LlamaIndex bridges your documents and language models. It ingests unstructured data (PDFs, web pages, databases), indexes it intelligently, and enables semantic search with LLM-powered question answering.
Core concepts:
- Documents: Raw text data
- Nodes: Chunks of documents with metadata
- Embeddings: Vector representations of text
- Indexes: Data structures for efficient retrieval
- Query Engines: Interface for asking questions
Installation and Setup
pip install llama-index llama-index-embeddings-openai llama-index-llms-openai
from llama_index.core import Settings
from llama_index.llms.openai import OpenAI
from llama_index.embeddings.openai import OpenAIEmbedding
# Configure defaults
Settings.llm = OpenAI(model="gpt-4", temperature=0.7)
Settings.embed_model = OpenAIEmbedding()
Loading and Indexing Documents
Simple Vector Index
from llama_index.core import SimpleDirectoryReader, VectorStoreIndex
# Load all documents from directory
documents = SimpleDirectoryReader("./data").load_data()
# Create index (automatically chunks and embeds)
index = VectorStoreIndex.from_documents(documents)
# Save for later
index.storage_context.persist(persist_dir="./storage")
Loading from Persistence
from llama_index.core import StorageContext, load_index_from_storage
storage_context = StorageContext.from_defaults(
persist_dir="./storage"
)
index = load_index_from_storage(storage_context)
Advanced Indexing Strategies
Hierarchical Index
Perfect for documents with structure:
from llama_index.core.indices.composability import ComposableGraph
from llama_index.core import VectorStoreIndex, SummaryIndex
# Create indexes at different levels
vector_index = VectorStoreIndex.from_documents(documents)
summary_index = SummaryIndex.from_documents(documents)

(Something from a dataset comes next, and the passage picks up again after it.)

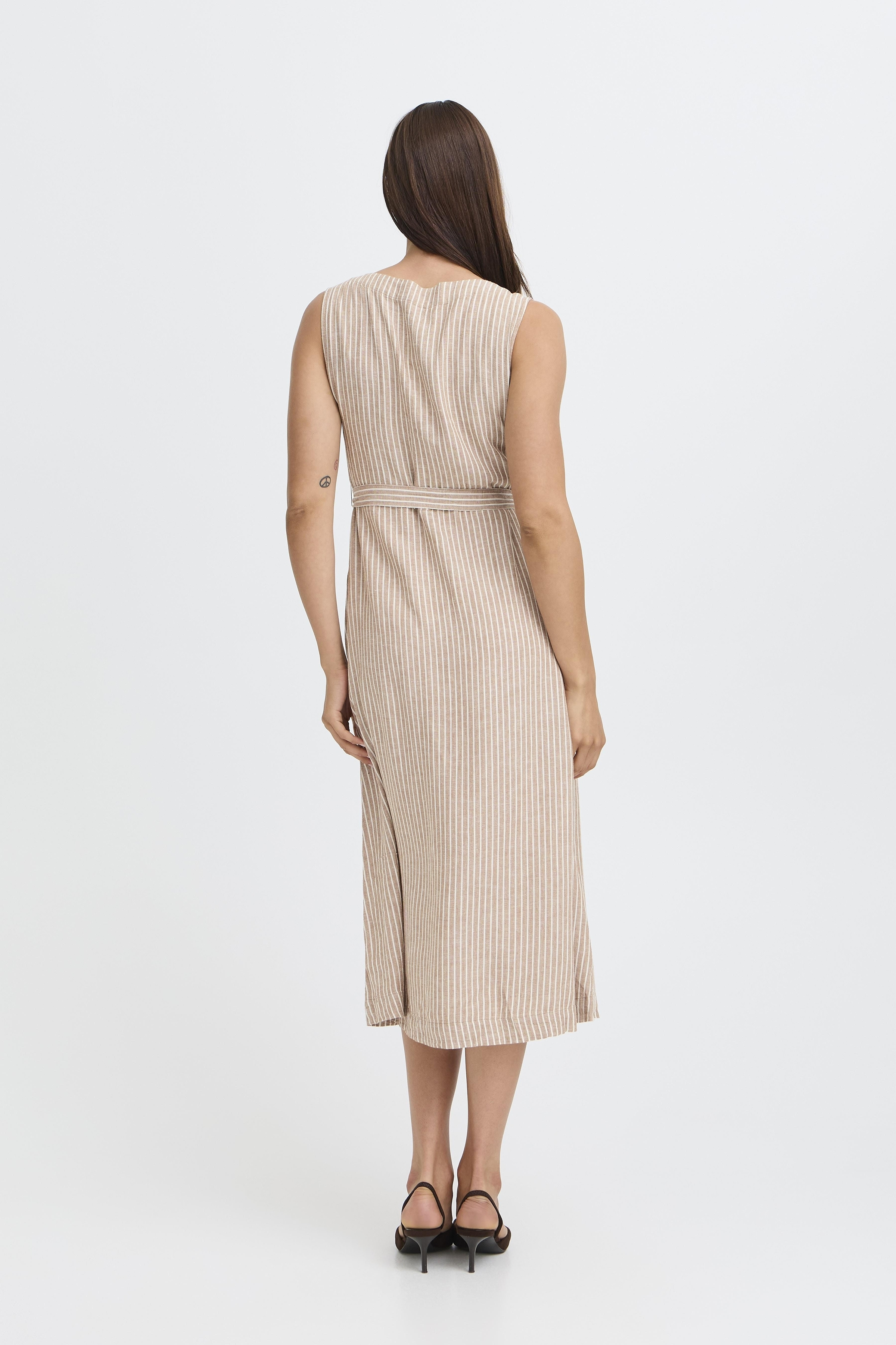 B.YOUNG - Woodsmoke Stripe Brown Falakka Button Dress

# Route queries intelligently
graph = ComposableGraph.from_indices(
SummaryIndex,
[vector_index, summary_index],
index_summaries=["vector search", "summary search"]
)
query_engine = graph.as_query_engine()
response = query_engine.query("Find specific information")
Keyword Index with Hybrid Search
from llama_index.core import KeywordTableIndex, VectorStoreIndex
# Create both keyword and vector indexes
keyword_index = KeywordTableIndex.from_documents(documents)

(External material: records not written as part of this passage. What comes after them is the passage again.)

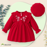 Vestido otoño con boina, en tono rojo. Con bordado de flores en el pecho
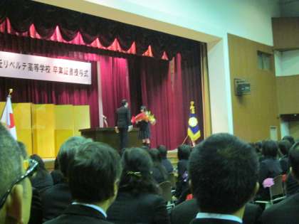 そして、クライマックスの卒業生の答辞は感動的で、涙をぬぐう生徒たちが・・・。
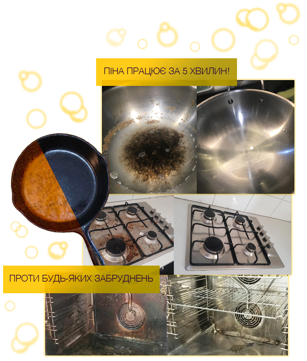 Очищуюча піна Bubble Clean є універсальним засобом, що дозволяє швидко та ефективно очистити поверхні від будь-якого типу забруднень без додаткових зусиль.
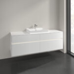 Villeroy & Boch Collaro 4 Drawer Wall Hung Vanity Unit With Led Lighting & Rectangular Middle Basin – 1600mm Wide
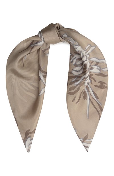Платок оттенка кофе с молоком мастера марки изготовили из тонкого премиального шелка с серым цветочным мотивом, будто парящим над гладкой тканью. Квадратный элегантный аксессуар с подшитыми вручную краями не мнется, долго сохраняет первоначальный вид и почти не ощущается на теле.
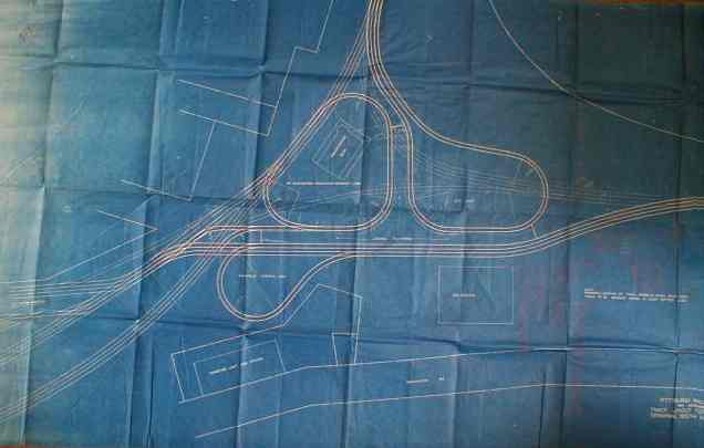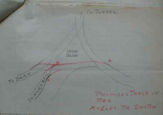 These first two images I took with my digital camera. These are not module plans, they actually came from the PRCo archives. I don't know what would be gained by making a complete loop around the building. Cars coming out of the tunnel or from Knoxville could be turned around without going through the shop area. I suppose that is why it was never built.

vector_index = VectorStoreIndex.from_documents(documents)
# Use keyword retrieval for precise matching
keyword_engine = keyword_index.as_query_engine()

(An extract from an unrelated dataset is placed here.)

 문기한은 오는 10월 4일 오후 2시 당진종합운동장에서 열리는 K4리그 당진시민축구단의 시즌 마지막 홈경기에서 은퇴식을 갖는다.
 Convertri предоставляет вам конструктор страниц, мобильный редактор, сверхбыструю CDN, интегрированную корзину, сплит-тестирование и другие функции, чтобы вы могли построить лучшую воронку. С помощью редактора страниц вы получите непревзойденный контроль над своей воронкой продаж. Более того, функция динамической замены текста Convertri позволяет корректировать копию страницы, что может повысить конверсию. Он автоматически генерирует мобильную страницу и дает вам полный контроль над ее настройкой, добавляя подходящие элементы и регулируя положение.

vector_engine = vector_index.as_query_engine()
# Combine results
keyword_result = keyword_engine.query("technical term")
vector_result = vector_engine.query("technical term")
Query Engines
Query engines convert natural language to structured retrieval and generation:
from llama_index.core import VectorStoreIndex
index = VectorStoreIndex.from_documents(documents)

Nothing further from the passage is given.